Abstract

ObjectivesTracheal intubation is a skill performed by qualified emergency medical services (EMS) providers during out-of-hospital cardiac arrest (OHCA) in adult and pediatric patients. Unsuccessful intubation can negatively impact a patient's likelihood of survival. Thus, intubation success rates are an important quality improvement benchmark. Given other demographic disparities that have been reported in adults and children, we hypothesize there might be disparities in intubation success across infant race/ethnicity and/or sex. MethodsWe examined a national-level registry of EMS activations in the United States (NEMSIS). Inclusion criteria were OHCA calls involving infant patients (under 1 years of age) between January 2017 and May 2022 where EMS attempted tracheal intubation, documented whether the procedure was successful, and documented information about the patient's demographics (eg. race/ethnicity and sex).

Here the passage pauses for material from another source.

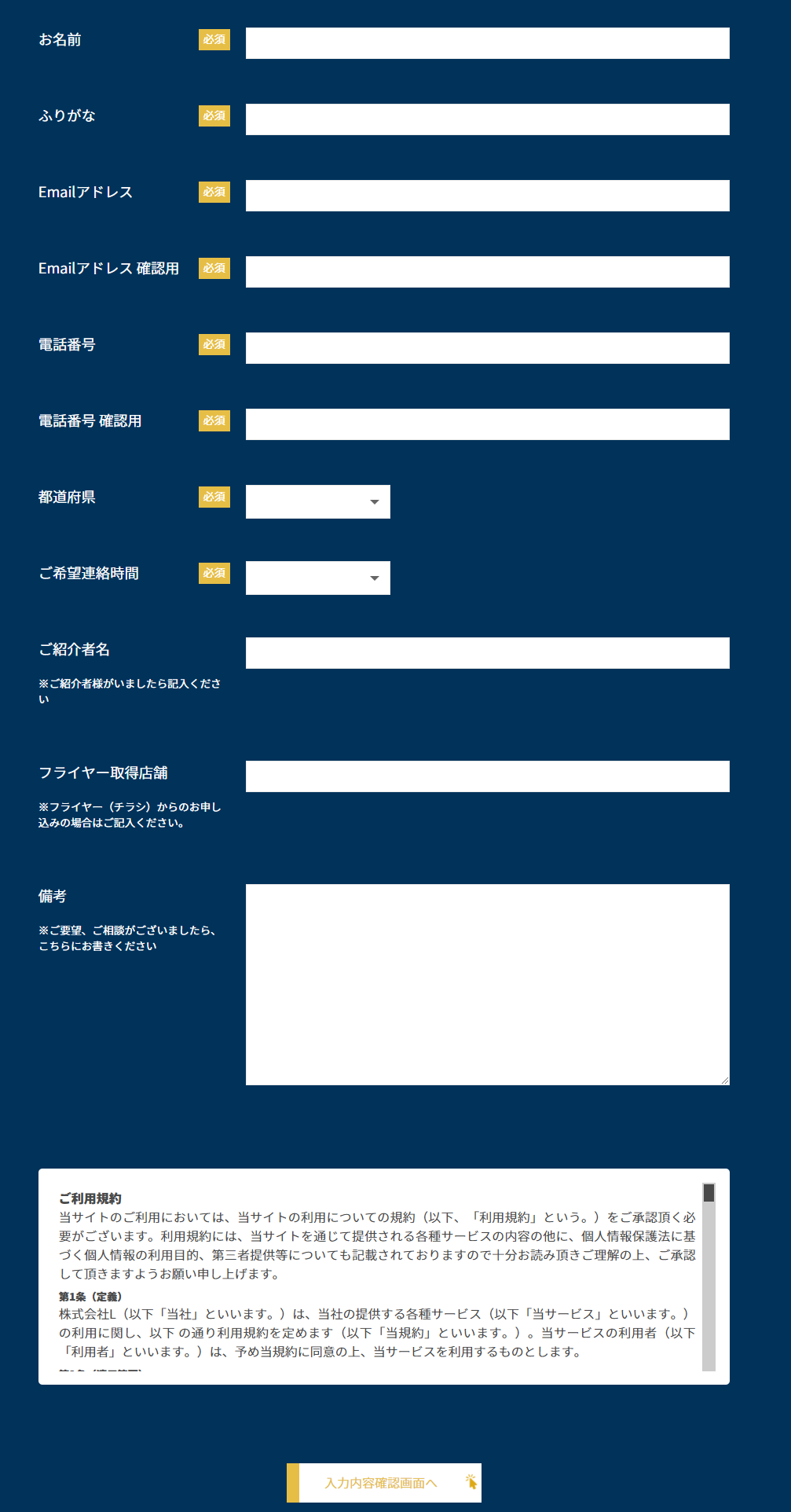 まずは、公式サイトのお問い合わせフォームにお名前、連絡先、住所、連絡希望時間を入力して申し込みをします。

Intubation success rates across patient sex and racial/ethnic categories with more than one-hundred cardiac arrests with intubation attempts were compared. ResultsA total of 3663 infant cardiac arrests where tracheal intubation was attempted met inclusion criteria. White infants were associated with significantly higher rates of intubation success (62.2%) when compared with Black or African American infants (58.1%) and Hispanic/Latino infants (56.2%) (p < .01). Female infants were associated with slightly higher rates of intubation success than male infants, but this difference was not significant (p > .2). ConclusionSignificant demographic disparities in endotracheal intubation success rates exist among infants who experience OHCA. Future studies should continue to examine these disparities with the goal of identifying why these differences occur and concrete mechanisms for eliminating such disparities.